Reach Out and Read program introduced at Family Health Medical …
MAYVILLE – Getting books from the doctor will soon be a routine part of well-child visits at Family Health Medical Services, as doctors and nurses welcome the Reach Out and Read program to the practice. Family Health Medical Services joins more than 3,797 programs nationally that are working to make books part of a healthy childhood.
Reach Out and Read is a simple, yet highly effective concept. The program targets children growing up in poverty and without books and features three key elements:
Volunteers read with children in pediatric clinic waiting areas.
Pediatricians educate parents about the importance of reading with their children every day.
Every child from the age of six months to five years receives a new book to take home and keep when they come in for a well-child checkup.
“Giving a book to a young child, along with age-appropriate advice about sharing books for the parents, may be the only concrete activity a pediatrician can routinely do to promote child development,” commented Barry S. Zuckerman, MD ROR co-founder, and chief of pediatrics at Boston University School of Medicine.
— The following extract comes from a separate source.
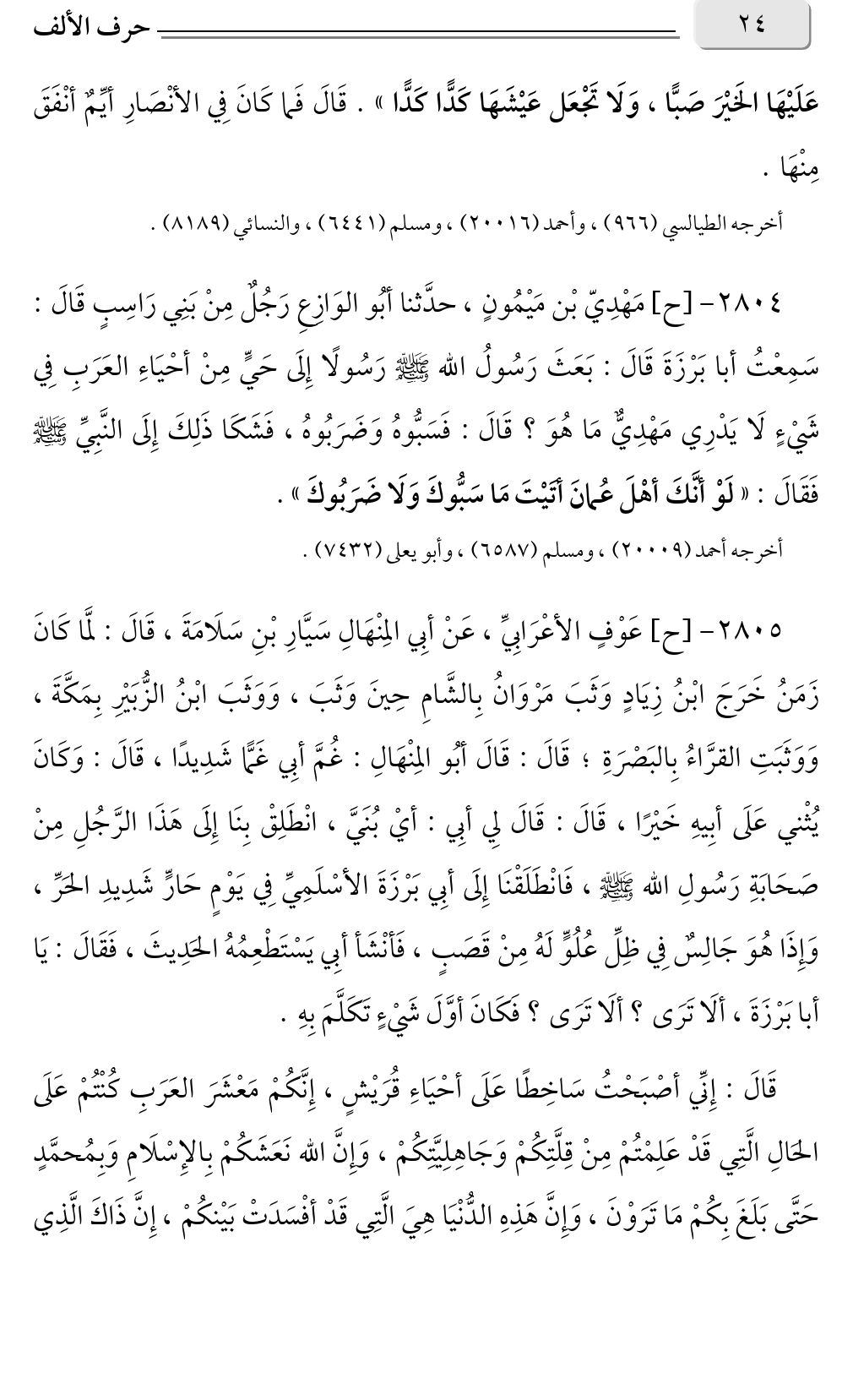 ٢٨٠٥ - [ح] عَوْفٍ الأعْرَابِيِّ، عَنْ أبِي المِنْهَالِ سَيَّارِ بْنِ سَلَامَةَ، قَالَ: لمَّا كَانَ زَمَنُ خَرَجَ ابْنُ زِيَادٍ وَثَبَ مَرْوَانُ بِالشَّامِ حِينَ وَثَبَ، وَوَثَبَ ابْنُ الزُّبَيْرِ بِمَكَّةَ، وَوَثَبَتِ القرَّاءُ بِالبَصْرَةِ؛ قَالَ: قَالَ أبُو المِنْهَالِ: غُمَّ أبِي غَمًّا شَدِيدًا، قَالَ: وَكَانَ يُثْني عَلَى أبِيهِ خَيْرًا، قَالَ: قَالَ لِي أبِي: أيْ بُنَيَّ، انْطَلِقْ بِنَا إِلَى هَذَا الرَّجُلِ مِنْ صَحَابَةِ رَسُولِ الله صلى الله عليه وسلم، فَانْطَلَقْنَا إِلَى أبِي بَرْزَةَ الأسْلَمِيِّ فِي يَوْمٍ حَارٍّ شَدِيدِ الحَرِّ، وَإِذَا هُوَ جَالِسٌ فِي ظِلِّ عُلُوٍّ لَهُ مِنْ قَصَبٍ، فَأنْشَأ أبِي يَسْتَطْعِمُهُ الحَدِيثَ، فَقَالَ: يَا أبا بَرْزَةَ، ألَا تَرَى؟ ألَا تَرَى؟ فَكَانَ أوَّلَ شَيْءٍ تَكَلَّمَ بِهِ.

Medical research supports the claim, showing that literacy-promoting interventions by the pediatrician have a significant effect on parental behaviors, beliefs and attitudes toward reading aloud. For more than a decade, studies have indicated that parents who get books and literacy counseling from their doctors and nurses are more likely to read to their young children, read to them more often, and provide more books in the home. In addition, several studies have also shown improvements in the language scores of young children receiving Reach Out and Read.
“Reading with your child is an invitation to conversation,” said Dr. Robert Berke, MD ROR Medical Director at Family Health Services.
For more information about Reach Out and Read at Family Health Medical Services, or if you would like to donate funds or volunteer as a reader, please call 753-7107.
Reach Out and Read is a national, non-profit program that is working to make literacy promotion a standard part of pediatric primary care, so that children grow up with books and a love of reading. ROR trains doctors and nurses about the importance of reading aloud and to give books to children at pediatric check-ups from six months to five years of age, with a special focus on children growing up in poverty. This year, Reach Out and Read will provide more than 4.1 million books to more than 2.5 million children, at over 3,797 programs throughout the country.